Megon Walker is a Harvard Law graduate and was on a journal. One would imagine that those two notes on her resume alone would guarantee her a high-paying position in BigLaw.
Except there’s a little note on her transcript: a reprimand for plagiarism.
In 2009, she submitted a journal article for editing that, according to the school, had significant portions of previously published articles included without proper citations.
The school investigated and issued a formal reprimand on her file and transcripts, yet allowed her to graduate with her class. Walker then sued, alleging that the notation was defamatory and cost her job opportunities with prestigious firms, reports the National Law Journal. Unsurprisingly, she lost.

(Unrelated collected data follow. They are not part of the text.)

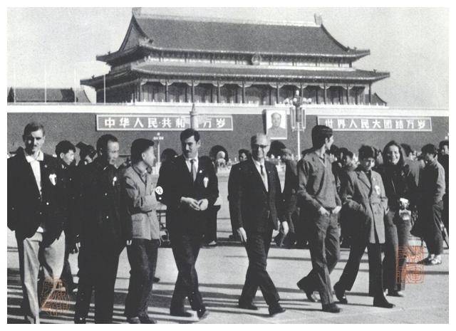 随着大串联的结束,照相点逐渐从天安门前转移到了路南的旗杆两侧,以及大会堂和历史博物馆前的固定地点。此后,北京市决定将天安门广场三分之一的照相任务交由东城区的北方照相馆承担,打破了大北照相馆独家经营的局面,其他单位也陆续参与了经营。 文革时期,天安门广场的照相生意非常火爆,大北照相馆在忙碌中,处理着大量的洗印和装裱工作,差错率较高,很多顾客对此表示不满。1970年,大北照相馆的师傅们发扬革命精神,勇于创新,成功研制出了一种立等可取的静电照相机。几位文化程度不高的师傅,用不到一年的时间,就完成了这一技术的研发,并投入使用。值得一提的是,这项技术,在当时是非常先进的,集光、电、化学染料和机械原理于一体,至今看起来仍然充满创造性。 1971年2月14日,首都50万军民举行了气势恢宏的示威游行,坚定表示全力支持印度支 那三国人民的抗美斗争。示威队伍高举标语,行进经过天安门广场,气氛热烈。 1971年5月1日,50万首都人民在劳动人民文化宫、颐和园、首都体育馆、北京工人体育馆等多个场所举行了丰富多彩的庆祝活动。晚上8点,毛主席最后一次登上了天安门城楼,这也成为他最后一次出现在天安门城楼上的场景。 1971年11月15日,叙利亚乒乓球代表团漫步天安门广场。由朝鲜、埃及、日本、毛里求斯、尼泊尔及中国乒乓球协会共同举办的亚非乒乓球友好邀请赛,于11月2日至14日在北京举行。 1972年2月21日,尼克松访华时,北京突然下起了二月雪。北京市紧急动员了大量市民上街扫雪。当尼克松的车队经过天安门时,街道上没有了往日热烈的欢迎场面,车队通过天安门后,才有市民重新出现在广场上。
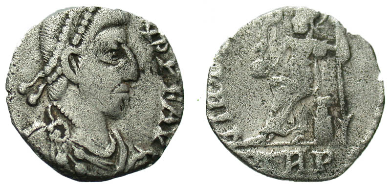 Arcadius. A.D. 383-408. AR siliqua (13.6 mm, 1.09 g, 5 h). Trier mint, A.D. 392-395. DN ARCADIVS PF AVG, pearl-diademed, draped, and cuirassed bust right / VIRTVS ROMANORVM, Roma seated left, holding Victory on a globe and spear; TRPS in exergue. RIC 106b; LRBC 27e. VF, clipped.
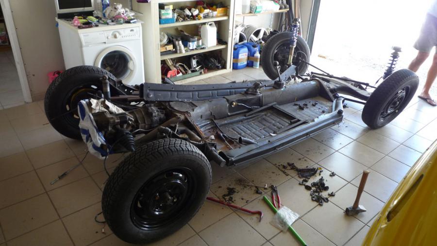Un beau longeron pourri, le deuxième est pareil, un peu de corrosion non perforante sur le chassis etc... Que du classique quoi :biggrin:
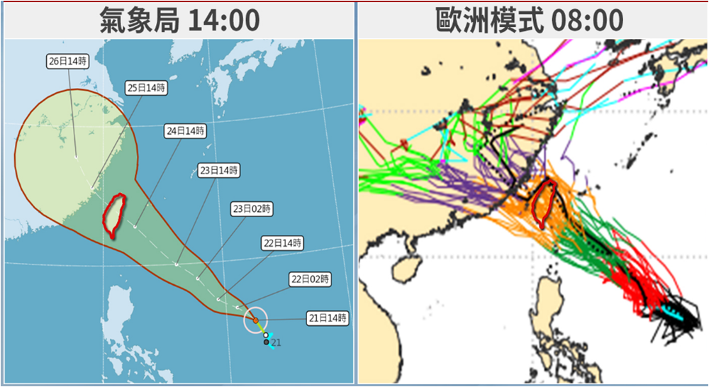 圖:今(21)日14時「中央氣象局」的預報資料,菲律賓東方海面上熱帶性低氣壓已發展成第11號颱風「白鹿」,預測其未來朝台灣而來(左圖);最新(21日8時)歐洲系集模式(ECMWF)顯示,50次模擬路徑分布在北從北部近海、南至台灣南端近海,其中則有大量的模擬路徑通過台灣(右圖)。 |
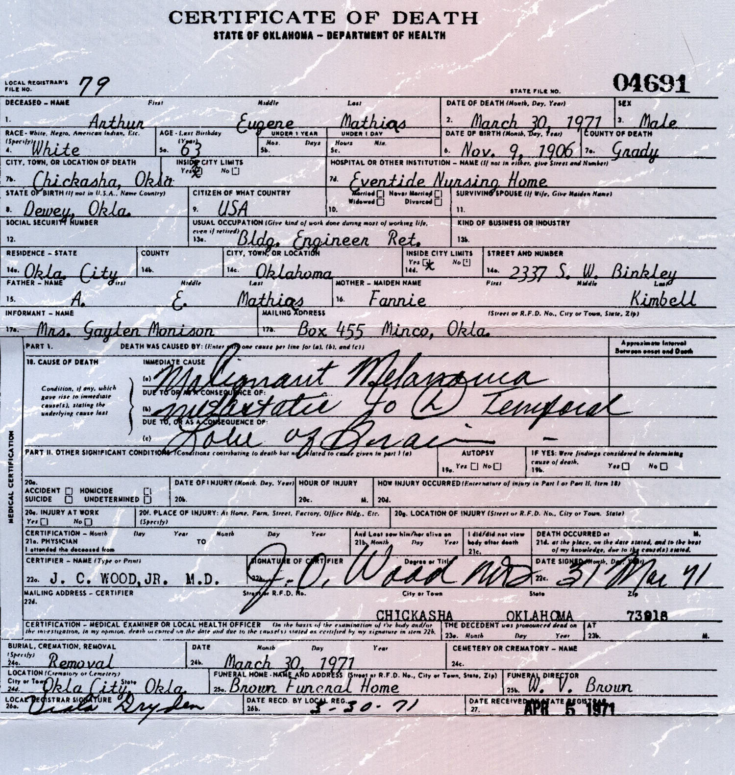 August 16, 1928 in Oklahoma City, Oklahoma; Fairlawn Cemetery - Section 4, Row 12, Grave 9 (up against the fence)
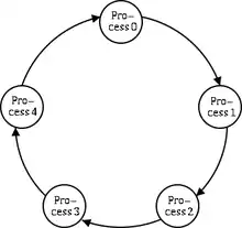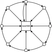 The second topology illustrated looks like to a ring topology and introduce a new routine: MPI_REQUEST_FREE. The master will always send data to the process 1 and receive the result from any others processes (see figure below).
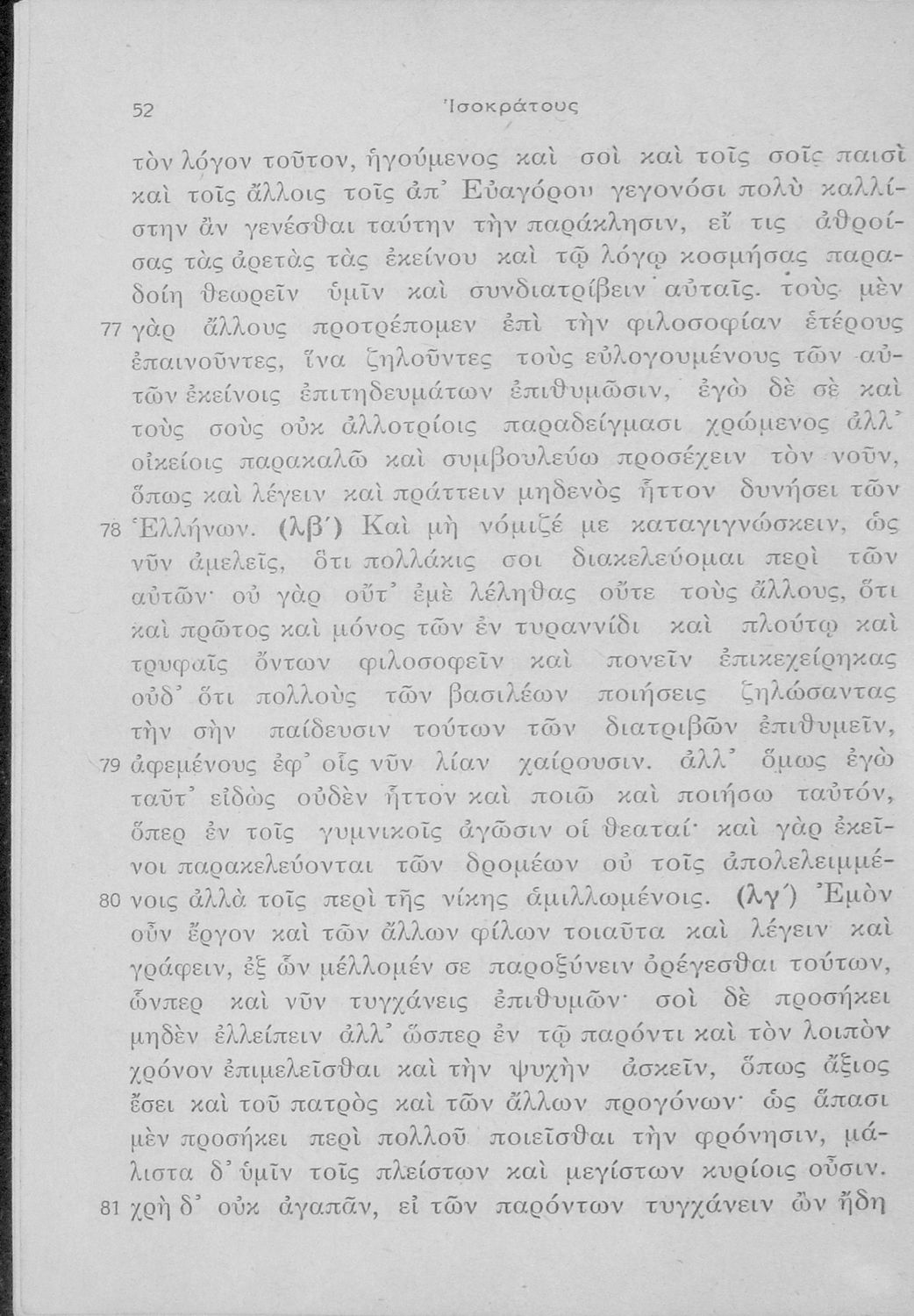 Μαθητικό βοήθημα Αρχαίων Ελληνικών Ε' Γυμνασίου που περιλαμβάνει μετάφραση των Λόγων του Ισοκράτη Προς Δημόνικον, Προς Νικοκλέα και Ευαγόρας, ερμηνευτικά, γραμματικά και συντακτικά σχόλια.
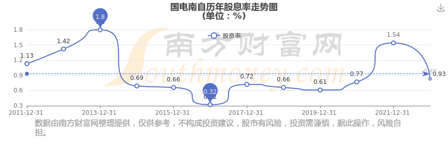 近年國(guó)電南自年度股息率走勢(shì)如下圖:

Her Defenses: It Was a Virus, Preliminary Draft
After the intrepid editors of the Journal of Law and Technology noticed the uncited passages in Spring 2009, Walker claimed that she had gotten a computer virus which damaged her then-incomplete draft. (Yes, it’s the old “a virus ate my citations” excuse.)
According to NLJ, she also argued that because it was an incomplete, preliminary draft, it did not meet the criteria for plagiarism as defined by Harvard’s student handbook, and that the school improperly deviated from its normal investigative processes.
Judge: Truth Isn’t Defamation
Judge Rya Zobel, to put it mildly, was unconvinced.
“There is simply no situation where [Harvard Law School] could have reasonably expected a third-year member of a law journal to believe that handing over a draft article to that journal for editing prior to publication was not ‘submitting’ the work within the meaning of the handbook,” Zobel wrote. “Because the plaintiff committed plagiarism within the meaning of Harvard’s Student Handbook, the publications of fact she alleges libelous are true, and she cannot recover.”